CAPÍTULO DECIMOCTAVO.
CAPÍTULO DECIMOOCTAVO.
Todo
comienzo representa a su vez, un final.
Vi como el rostro de María se arrugaba. Un gemido rasgó
el silencio y las lágrimas comenzaron a brotar de esos ojos negros que
reflejaban la inmensidad de un alma.
-“Me has engañado”.
-“Amor, por favor. No ha sido un engaño. Sólo hice uso de
mi libertad y no fue para yacer con otra mujer”.
-“No lo entiendes ¿verdad?”. Musito entre sollozos.
-“No veo engaño en seguir la vida en la que me
encontraste y en la que tú te enamoraste de mí, de mi forma de ser y mi
carácter. Es el riesgo de estar con una persona que vive y hace sentirse vivo,
que escucha y siente la necesidad de ayudar a los demás. Es el precio de amar a
quien vive de cara a los demás y no de espaldas”.
Sus palabras
sonaban duras en esos labios dulces que tantas veces besaran mi cuerpo y
carecían de esa ternura que en otras ocasiones saciaban mi necesidad de cariño
y amor. De nuevo esa sensación de ser el causante del dolor y la decepción en
el ser amado por querer ser yo mismo y tomar mis decisiones frente a personas
que saben lo que quieren y que modelan la vida según su necesidad.

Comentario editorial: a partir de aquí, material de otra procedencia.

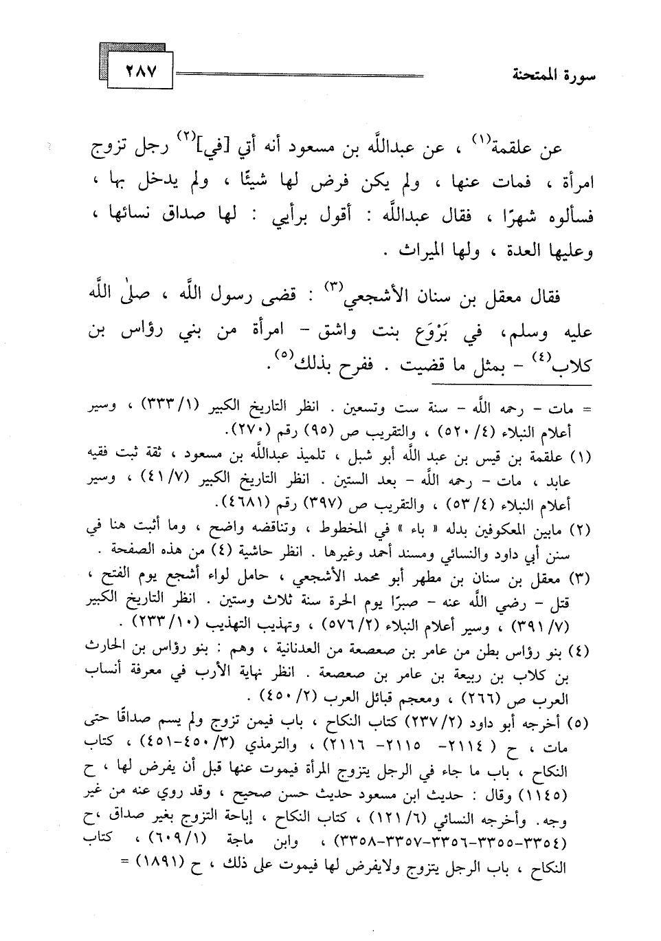 فقال معقل بن سنان الأشجعي: قضى رسول الله، صلى اللَّه عليه وسلم، في بَرْوَع بنت واشق - امرأة من بني رؤاس بن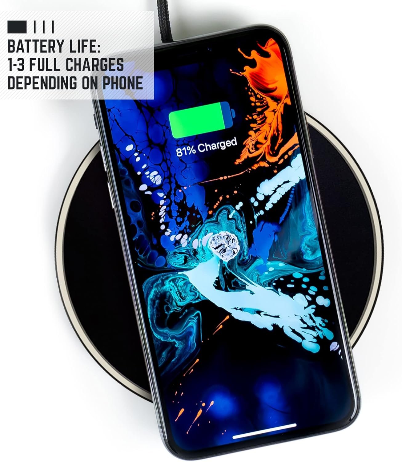 Licensed Functional Collectible Qi Wireless Charging Built-In Power bank lets you charge on the go! LED Illuminated Logo with ON/OFF button Charge wirelessly and wired at the same time! Works for iPhone 8 & up, Samsung and other phones that support Qi Charges through most lightweight cases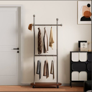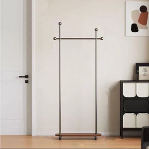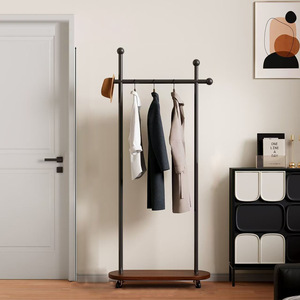 衣帽架中古风新中式卧室落地式挂衣架室内带轮可移动衣服置物架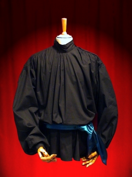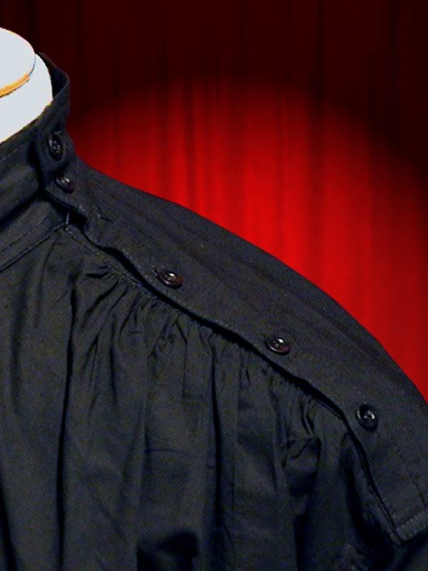 Zugeknöpft entlang der Schulter.

-“No confío”.- Sentenció María-.
-”Si algo había que podía separarnos, eso serían tus
actos. No es lo que hicieras, sino que me lo ocultaras y a saber con qué finalidad lo harías. Yo fui sincera siempre. Piensa
qué sentirías tú si yo hiciera lo mismo.
¿No lo entiendes verdad?”
No lo entendía, en efecto.
El miedo a su enfado hizo que le ocultara sí, pero un
acto que en sí mismo no era portador de oscuras intenciones, ya que era un
hecho que se representaba a la vista de todos y sin la intencionalidad que
aquellas personas que viven una vida de engaños imprimen a sus acciones , pero
ella no quería entender que mientras yo esperaba actuaba según mi conciencia me
dictaba y que nunca debería haberle supuesto quebranto, ya que fueron acciones
que corrían en paralelo a esa vida familiar que ella no interrumpió y en la que
vivía sin detener las vivencias propias de una familia, las jornadas propias de una esposa fiel.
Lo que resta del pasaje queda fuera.